I need a new pair of black dress shoes but in all honesty I have been holding off.  Some years ago I stopped eating meat.  It wasn’t easy to do and to this day the smell of bacon is a bitter tease and the thought of a juicy rare steak sets my stomach grumbling.  Not all appetites should be indulged however and my own yoga practice has been an exercise in the show discovery and control of the mind.  But this is not another rant from an angry vegetarian.  In fact the yogi’s abstention from meat comes from the yogic concept of Ahimsa, or non-harming.  It basically is the precept of compassion.  So the impulse to not have to kill or cause an animal to suffer to eat or clothes ourselves is the same impulse to extend compassion to all people and things.  In short – splashing red paint on someone’s fur coat is not a nice thing to do.  For a vegetarian it is a hypocritical act, an Orwellian parlor game.  Another yogic imperative is to not judge.  Whatever karma I might accumulate from living free of meat does not negate the good karma a carnivorous neonatal intensive care nurse might have, or a hot dog loving fire fighter, or a McNugget chomping neurosurgeon.  None are better than others.
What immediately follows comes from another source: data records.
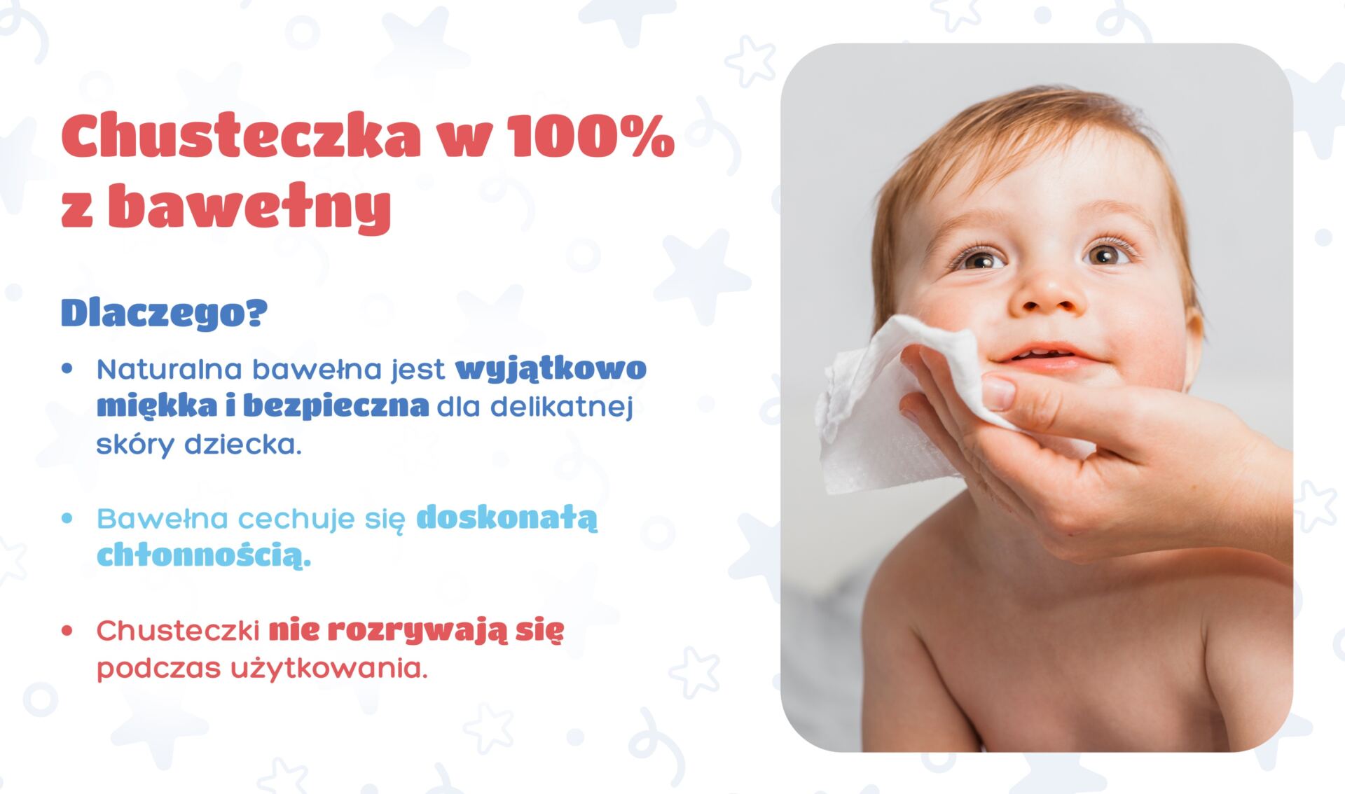 • W 100% bawełniana, miękka chusteczka: Wykonane z bawełny – wyjątkowo miękkiej i przyjaznej dla delikatnej skóry dziecka. Nie powodują podrażnień i zapewniają komfort przy każdym użyciu.
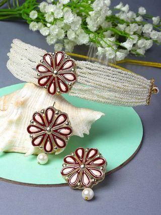 Karatcart Gold Plated Maroon Meena Floral Pearl Beaded Kundan Choker Necklace Set for Women
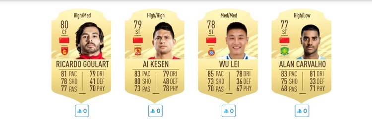 另外几名能力值较高的中国球员是艾克森(79)、阿兰(77)。但目前FIFA 21只公布了能力值前1000名的球员,只有这四名中国球员入选。
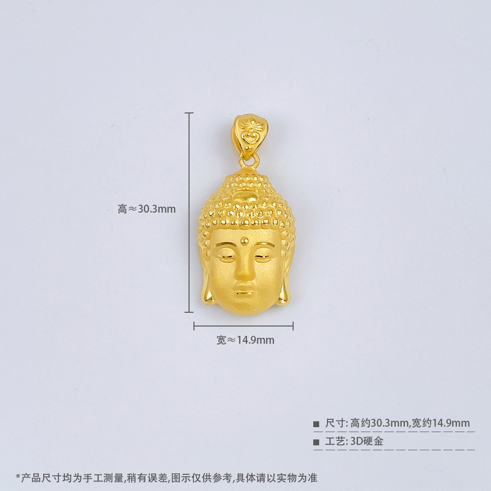 【限时克减150元】足金 【精品】3D硬金空心佛头吊坠(厚约8.7mm)(AR3DDZ00009-2)(特殊产品下单后不退款不退货不换货不补差价)
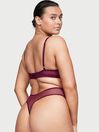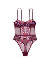 A sheer bodysuit decorated with floral embroidery, featuring the Wicked cup technology you love for form and definition. Unlined with innovative sling to provide push-up without padding. Adjustable straps. Back hook-and-eye closure. Thong bottom. No back coverage.
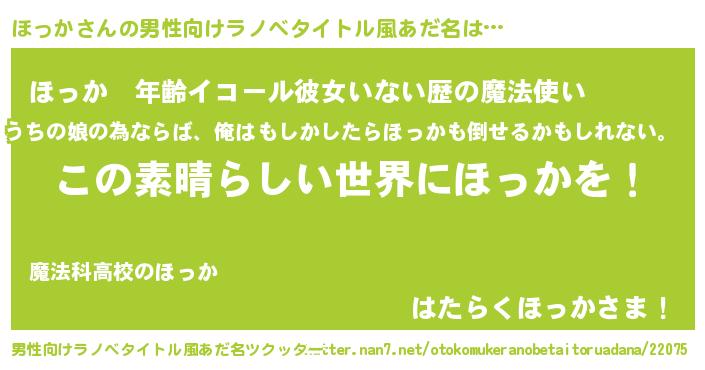| 女子向けラノベタイトル風あだ名 | 『悪役ほっかに転生したようですが、知った事ではありません』 |
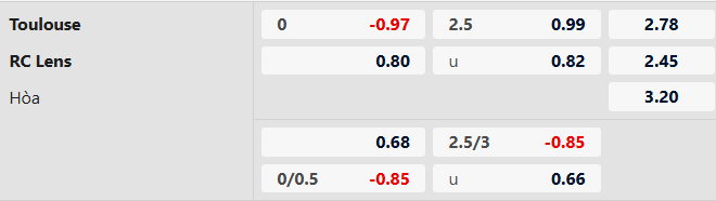 Từ 3 bàn trở lên: 3/4 trận gần nhất của Toulouse và 5/7 trận vừa qua của Lens đều có tối thiểu 3 bàn cả trận. Hơn nữa, 7/10 chuyến xa nhà vừa qua của Lens cũng có ít nhất 3 bàn cả trận.
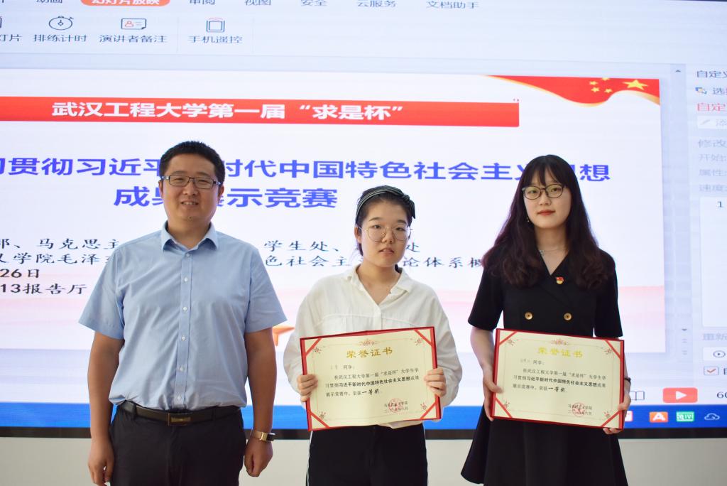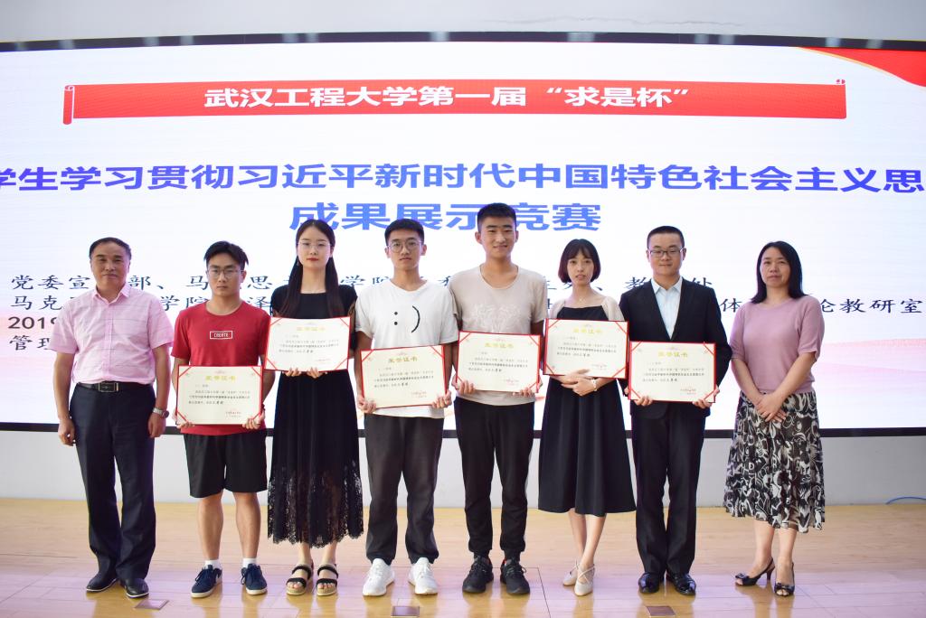 为全面推进习近平新时代中国特色社会主义思想“进教材、进课堂、进头脑”,坚定大学生“四个自信”,实现立德树人的根本任务,努力培养中国特色社会主义事业的建设者和接班人,激发我校大学生学习贯彻新时代中国特色社会主义思想的积极性主动性实效性,协调推进“五个思政”,聚焦发力“学生思政”,2019年6月26日下午,我院在文科楼413报告厅成功举办“武汉工程大学第一届‘求是杯’大学生学习贯彻习近平新时代中国特色社会主义思想成果展示竞赛”活动。
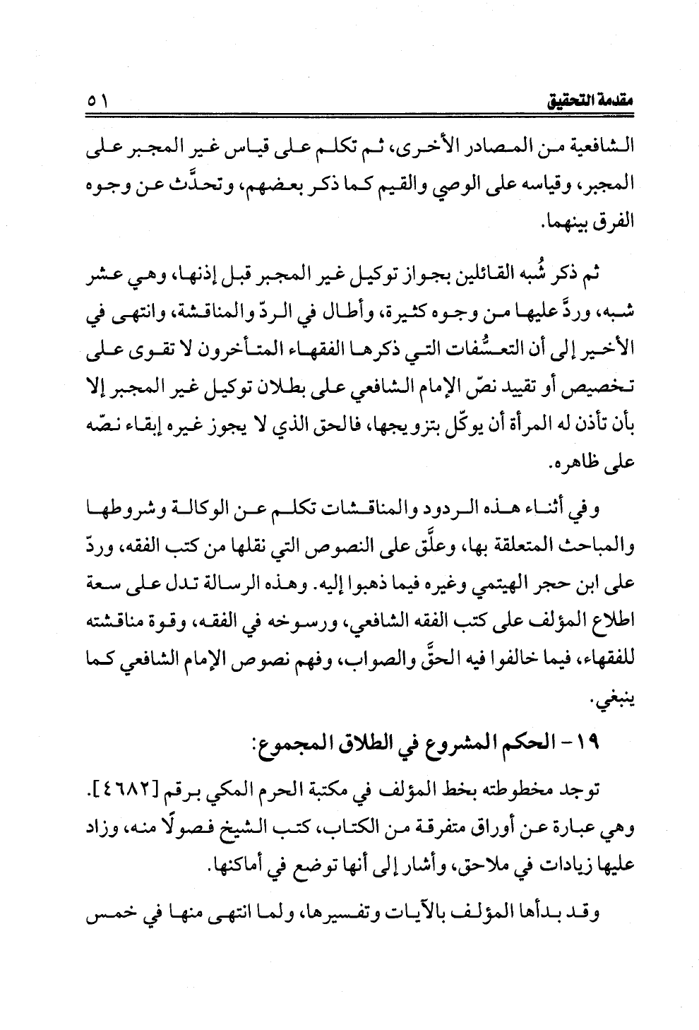 الشافعية من المصادر الأخرى، ثم تكلم على قياس غير المجبر على المجبر، وقياسه على الوصي والقيم كما ذكر بعضهم، وتحدَّث عن وجوه الفرق بينهما.
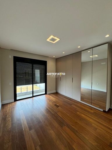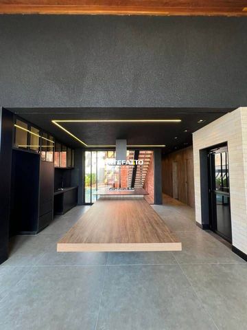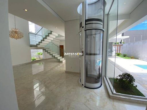 O imóvel tem 4 quartos, sendo 4 suítes, possui 5 banheiros, 2 salas e 4 vagas de garagem.
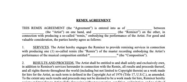 This is a 2-page template remix agreement, between an artist and a remixer, intended for situations where an artist is paying a remixer a flat fee, in exchange for buying out all rights to the remix.
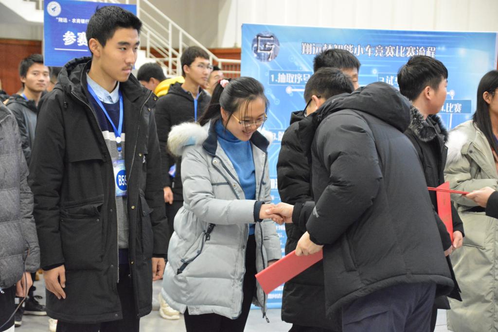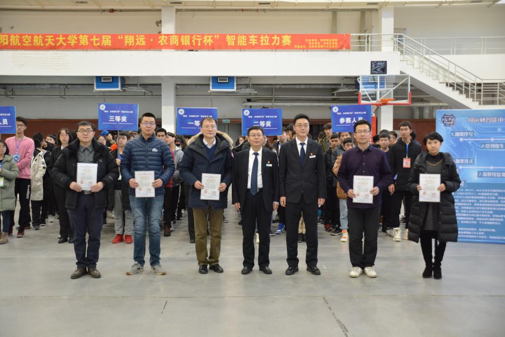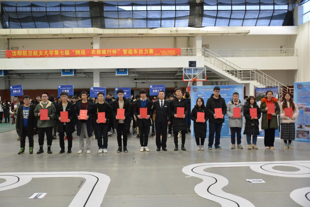 12月23日,由沈阳航空航天大学创新创业学院主办,沈阳农商银行亲情赞助,永利23411集团承办的沈阳航空航天大学第七届“翔远·农商银行杯”智能车拉力赛在我校体育馆圆满闭幕。莅临本次大赛的领导有沈阳农商银行党委委员、董事会秘书、工会主席朱志强;社区银行部总经理司常虹、商誉银行部总经理魏可远、新金融生态圈孵化器办公室主任姬捷及业务骨干赵国武;沈阳农商银行大东支行行长李晓峰、副行长周海峰、行长助理关晓晖、戴书玲。永利23411集团院长张庆新,教务处副处长徐世峰,创新创业学院副院长王琳琳,永利23411集团副院长孟光磊,永利23411集团副书记李江,永利23411集团团委书记李苏宁,永利23411集团18级辅导员周永乐,大赛组委会负责人张海军副教授。
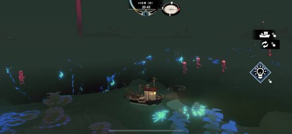本ゲームは昼と夜の時間帯があり、夜の海は徐々に正気度(SAN値)が減るシステム。減れば減るほど幻覚が見えるなど、特別なイベントがあなたを待っています。
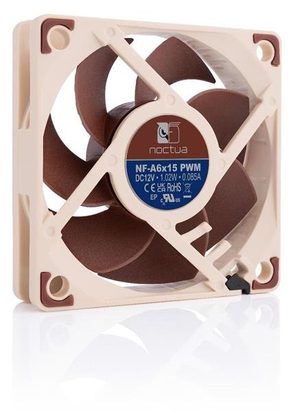 NF-A6x15 je vysoko optimalizovaný tichý ventilátor prémiovej kvality s rozmermi 60x15 mm, ktorý je vybavený pokročilými aerodynamickými konštrukčnými opatreniami, ako sú kanály na zrýchlenie prúdenia a rám Noctua AAO. Verzia PWM využíva špeciálne navrhnutý integrovaný obvod NE-FD1 spoločnosti Noctua na plne automatické riadenie otáčok prostredníctvom 4-pinových záhlaví ventilátora a dodáva sa s adaptérom Low-Noise Adaptor na zníženie maximálnych otáčok počas riadenia PWM z 3500 na 3050 ot/min. Jeho vynikajúca plynulosť chodu, ložisko SSO2 a dôveryhodná prémiová kvalita spoločnosti Noctua z neho robia elitnú voľbu pre najvyššie nároky.
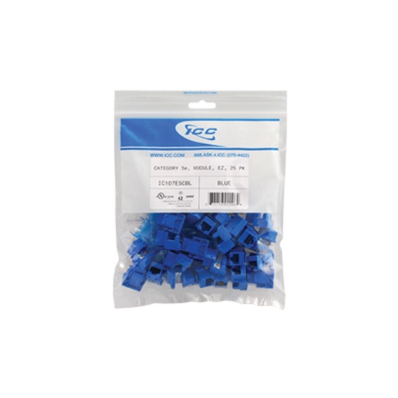 The 25-pack EZ Category 5e modular jacks RJ-45 keystone jacks are 8-position 8-conductor 8P8C and are packaged in bags with a reseal able strip allowing the bags to be reused multiple times preventing loss or mixing of colors or types of modular jacks. The bags have a clear lower area allowing for easy part identification.Features. CAT 5e rated connectors provide excellent performance for data networks requiring maximum speed and bandwidth.. PCB technology provides maximum performance and superior signal quality.. Enhanced crosstalk cancellation reduces return loss and improves performance by rejecting noise and unwanted signals.. Engineered to provide 110 IDC termination reducing installation time.. One piece termination cap allows for a quick and easy termination.. Includes an integrated TIA-568AB color wiring diagram.. Backwards compatible to all lower rated category components.. Compatible with all IC107 faceplates inserts surface mount boxes and blank patch panels.. Compatible with all IC108 furniture faceplates bezels and surface mount boxes.. Used with ICC Category 5e ICPCSC and ICPCSJ series patch cords and 110 punch down tool ICACSPDT00.. 25 modules packaged in packaging bag with 25 termination caps packaged in a separated bag and included in packaging bag.. Exceeds ANSITIA-568-C requirements for permanent channel link and component performances.. UL 1863 compliant.. Color - Blue.
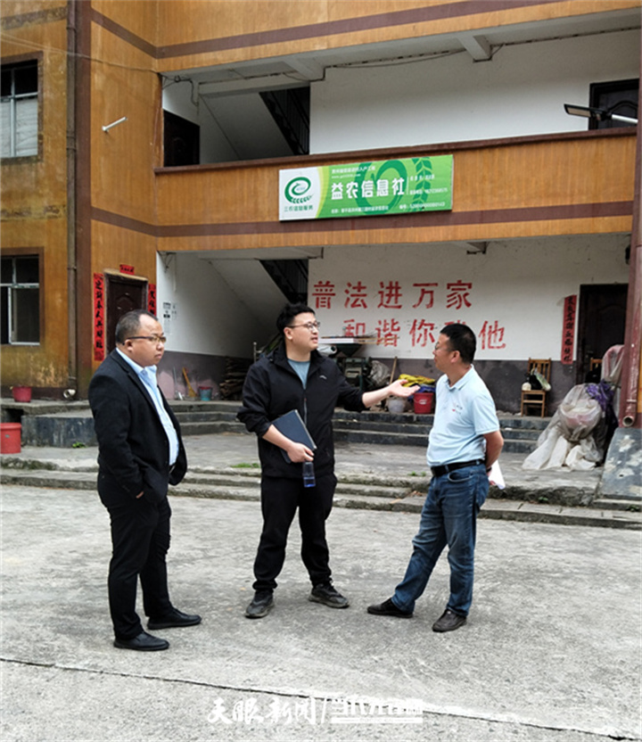姜立康(右一)在洪州镇调研林木采伐管理制度改革试点工作。
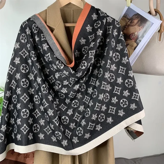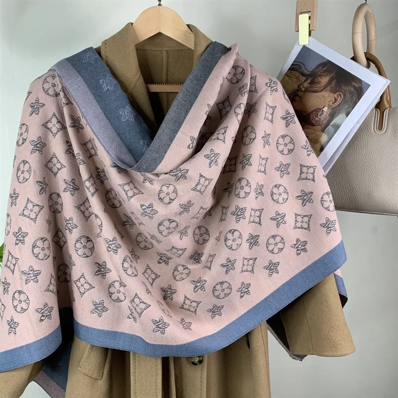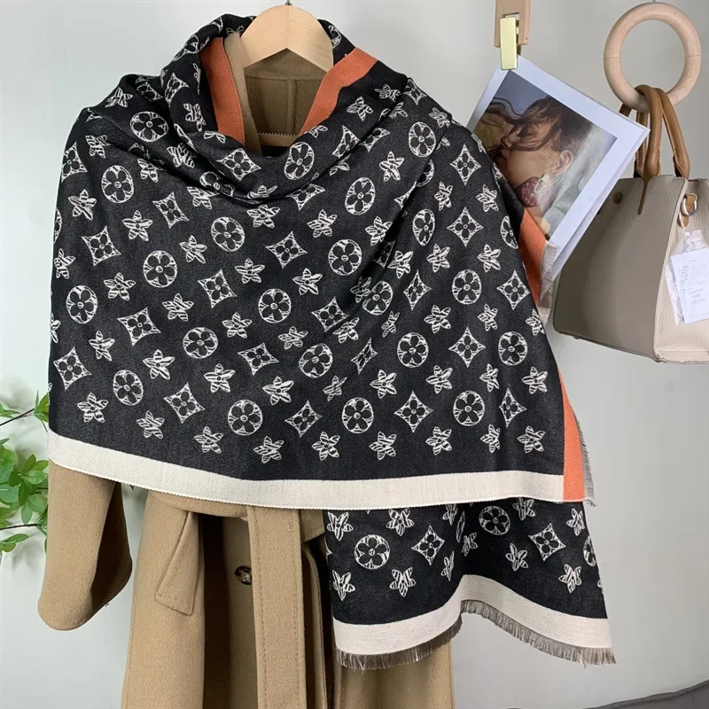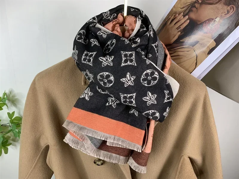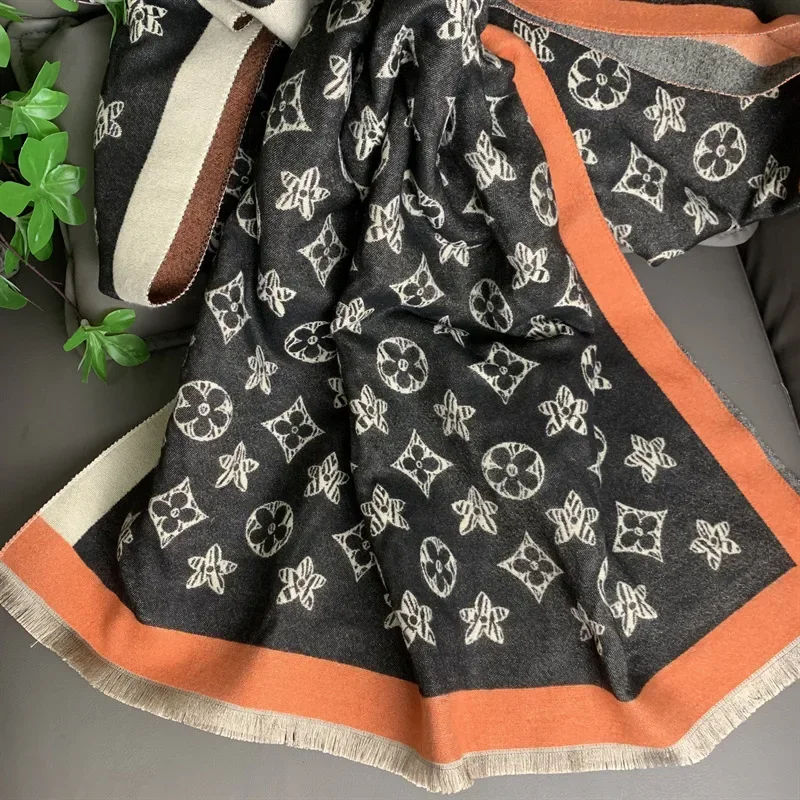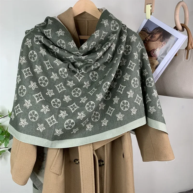 New Double-sided Imitation Cashmere Versatile Lucky Grass Winter Scarf Internet Celebrities Women's Warm Shawl Dual-purpose

My teacher always said, “Try.”  Try to live a vegetarian life.  And the Buddha believed the only real sin was laziness – to think that all of this wasn’t worth it, that life, compassion, joy was not worth the effort.  Why then doesn’t the fashion industry try to do better?  Like I said, stylistically the field is wide open.  I’m a design and style addict as much as the next guy.  The next great idea spurs me on to discover my own, and to take great joy in the incredible human capacity for invention and the infinite expression of ourselves.  People knock the fashion world as superficial and capricious.  Yes it moves at a rapid rate but so do all our neurological impulse, ideas are born and die in an instant.  Fashion is like fireworks, and who hates fireworks?  There is no valid criticism for an honest idea and a little hard work.  Try, my teacher said.  If you fail, try again.

 

I still need dress shoes and as anyone can tell you for a man a good pair of shoes is a sartorial imperative, the figurative and literal foundation of the presentation of himself.  I don’t think I want my shoes to have once been part of a cow’s leg or back or shoulder.  I don’t think they need to be.

 

What a world we have created, what a triumph of human creativity and power and intelligence.  At this moment in the developed world there is no real need to participate in the suffering and death of millions of sentient beings to satisfy our hunger, or worse, our desire to look good.  Fashion moves at a rapid clip.  Humanity often at a snails pace.  I have faith though that it will happen and I am waiting here, barefoot.